Hi Tom, that’s true for sure. But, what I can echo from my own recent experience is it’d be super helpful to have a way to log and notify on “more trivial” errors instead of stopping the script entirely.

Similar to PHP, for example: The difference between “warnings” and “fatal errors”. One tells you something’s not right and you should look at it while the other stops the script from continuing to execute. You can specify the default behavior for warnings to “log and continue” instead of hard-fail.

Having a way to do that either globally or on the “whole script” level would be nice.

I’ve never experienced this issue until last night. Went downstairs and everything was dark when it should not have been. Checked the logs and my light schedule had stopped because an unreliable Sengled bulb had dropped off the network. There’s 20 other lights in the script; it would have been better to have those others go ahead and turn on as expected. Assume it’s going to continue to do this until I find, order and replace those flaky bulbs. (Aside: if anyone has a suggestion for a non-proprietary-hub zigbee bulb, I’d appreciate it)
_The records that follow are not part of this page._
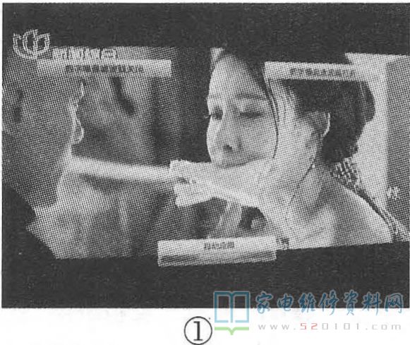 在AV状态下没有上述显示,但在左上角有LEDTV等功能显示彩条,把电视台台标全挡住了,如图2所示。
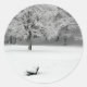 Un solitario banco se sienta en un parque cubierto de nieve como los árboles.
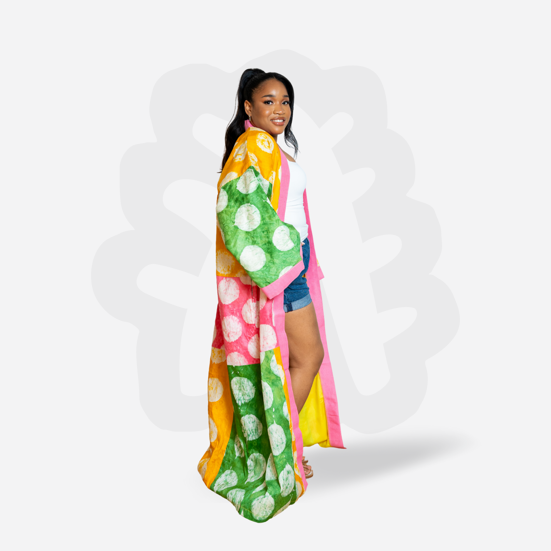 Turn heads and spark joy in every step with our vibrant Patchwork Kimono — a playful fusion of color and fearless self-expression. Crafted from hand-dyed panels in bold hues of green, pink, orange, yellow, this lightweight kimono wraps you in comfort and confidence.
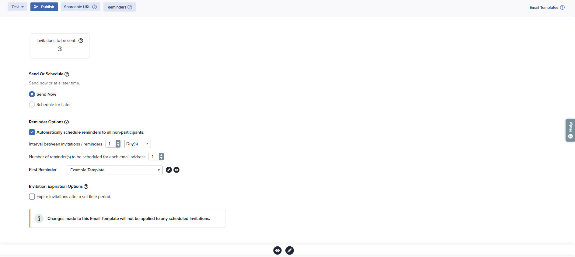 - You can choose to send invitations immediately by clicking Send Now or you can schedule invitations for a future date/time by selecting Schedule for Later.
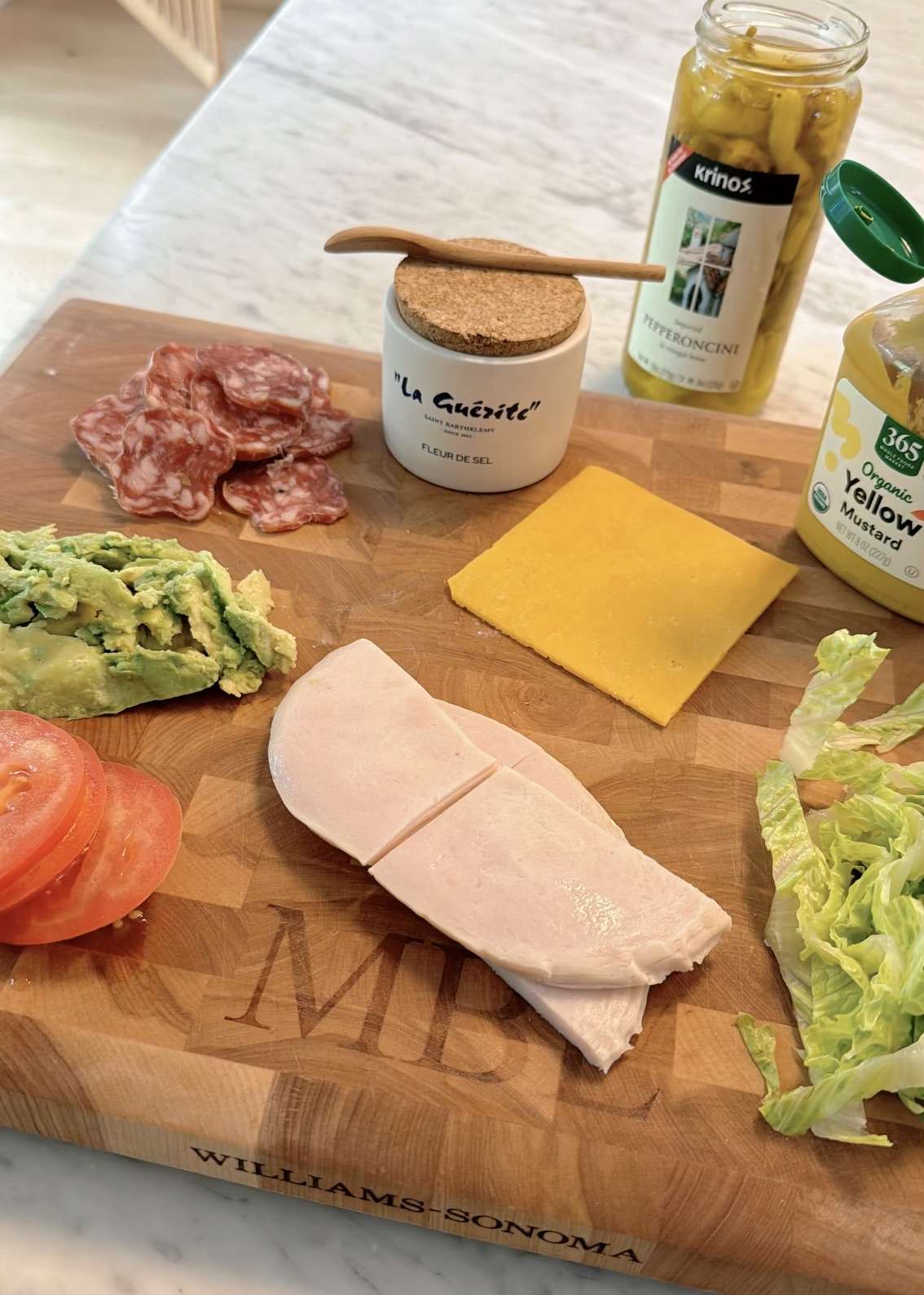 While we’re here, you always ask about the monogrammed cutting board. It’s so chic and not only is it so useful, it’s almost like a statement piece in our kitchen. You can leave it out on your island, put your fruit bowl on it, use it as a charcuterie board, and store it upright behind your stove for a little decor. It’s from Williams Sonoma and I think it makes such a good gift. You can personalize it by having it monogrammed which gives it a special touch.
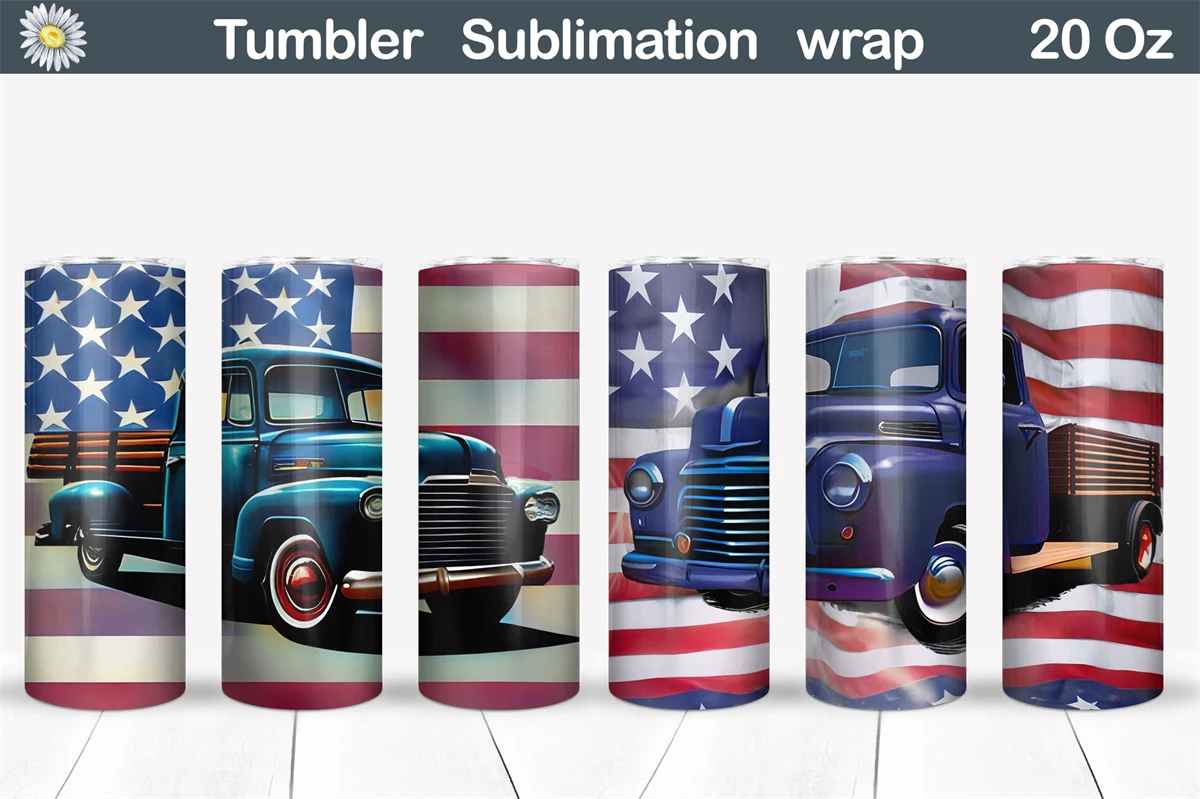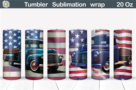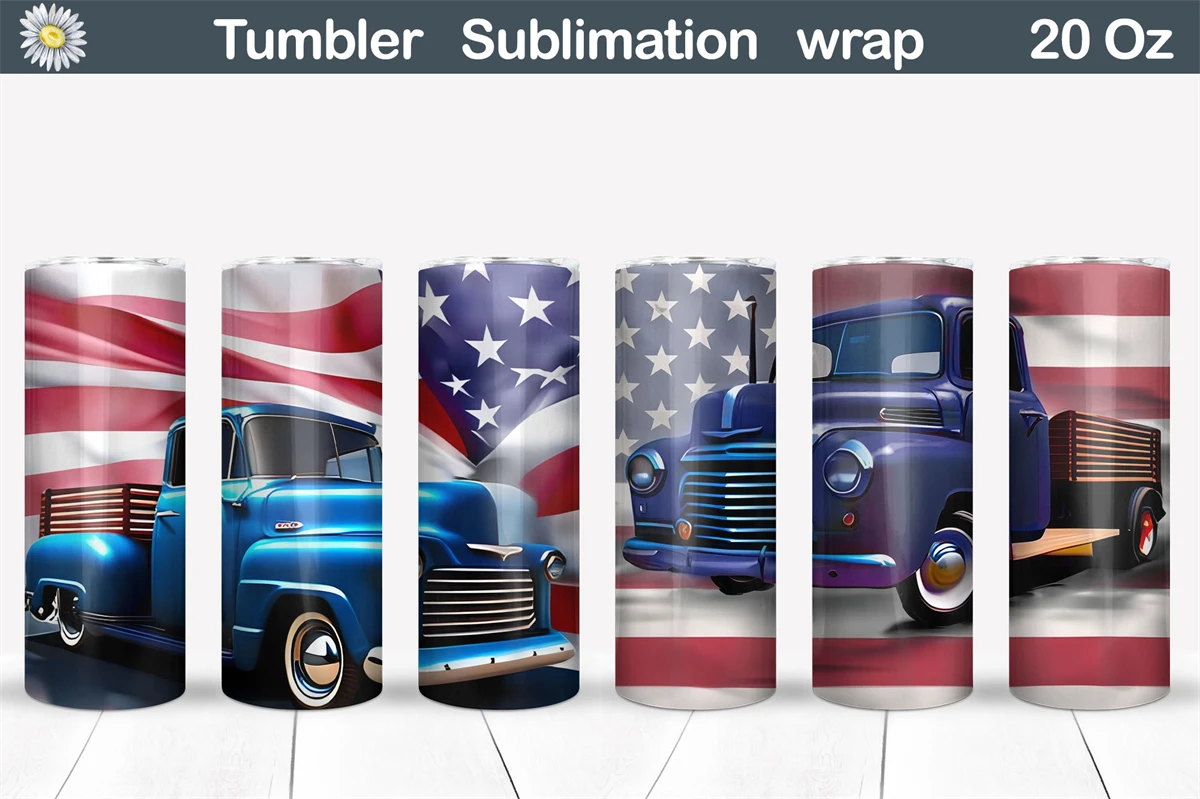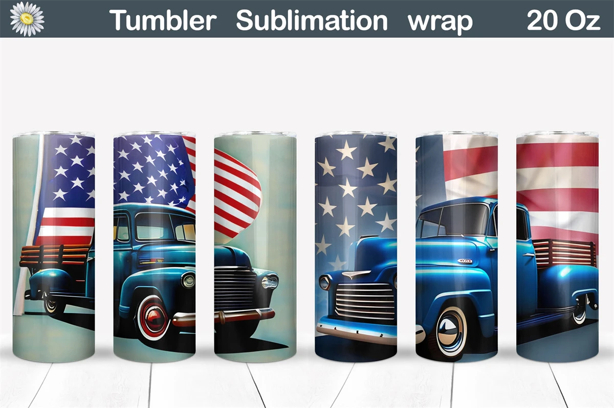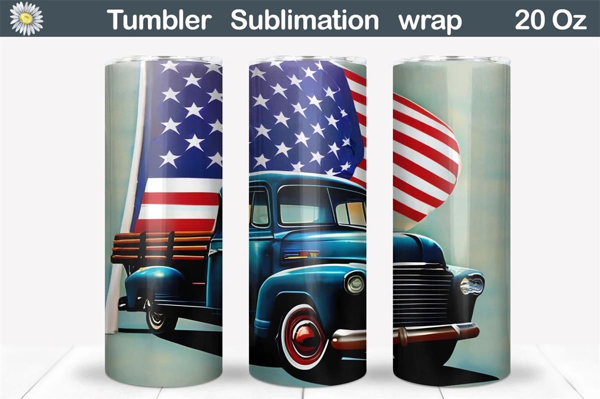 Patriotic Truck Tumbler Bundle. American Flag Tumbler Wrap

Strange thing is: Those Sengled bulbs drop off all the time; and the scripts never stopped before - odd that it decided to do it for the first time last night; haven’t updated HA or any integrations.

Just my two-cents on the issue; I’ll add the continue on error for those bulbs on the scripts that run daily until I can get the replaced.

AJolly · June 11, 2024, 3:45pm

I’ve been pondering this, and what I’d really love is to be able to add some error handling within an automation itself.

Be able to have a try catch block, specify if a step takes too long or doesn’t return successfully then run an alternate code path.

The only way I seem to successfully get automations to always complete is to wrap them in a parallel block and add continue_on_error everywhere.

ampersandru · June 18, 2024, 6:40pm

I dont think anyone is asking to hide the problem. I have hundreds of devices utilizing multiple protocols from cloud, zwave, zigbee, Bluetooth, etc and its a pain to make sure EVERYTHING is working for automations to execute fully.

If the HA team wants HA to become more mainstream, things like this need options and proper alerts so people can know what to do and not kill the automation dead in its tracks because of one cloud device that stopped responding or timed out.

matt_heinrichs · June 26, 2024, 6:49pm

I would suggest something like putting any automation that fails with an exception goes into the “Repair” section as an “easy” next step? My script is broken…
I sometimes notice something didn’t happen, dig into Traces, only to find something has stopped working for the last few days. Generally something going offline.
I understand I’m responsible for better exception handling in my scripts, but it would help if the automations supported some standard mechanisms for exception handling (try-catch?).

ldf · June 27, 2024, 8:24am

+1 to this, this setting should be available in the UI and there should be an automation wide on/off default setting from UI and yaml.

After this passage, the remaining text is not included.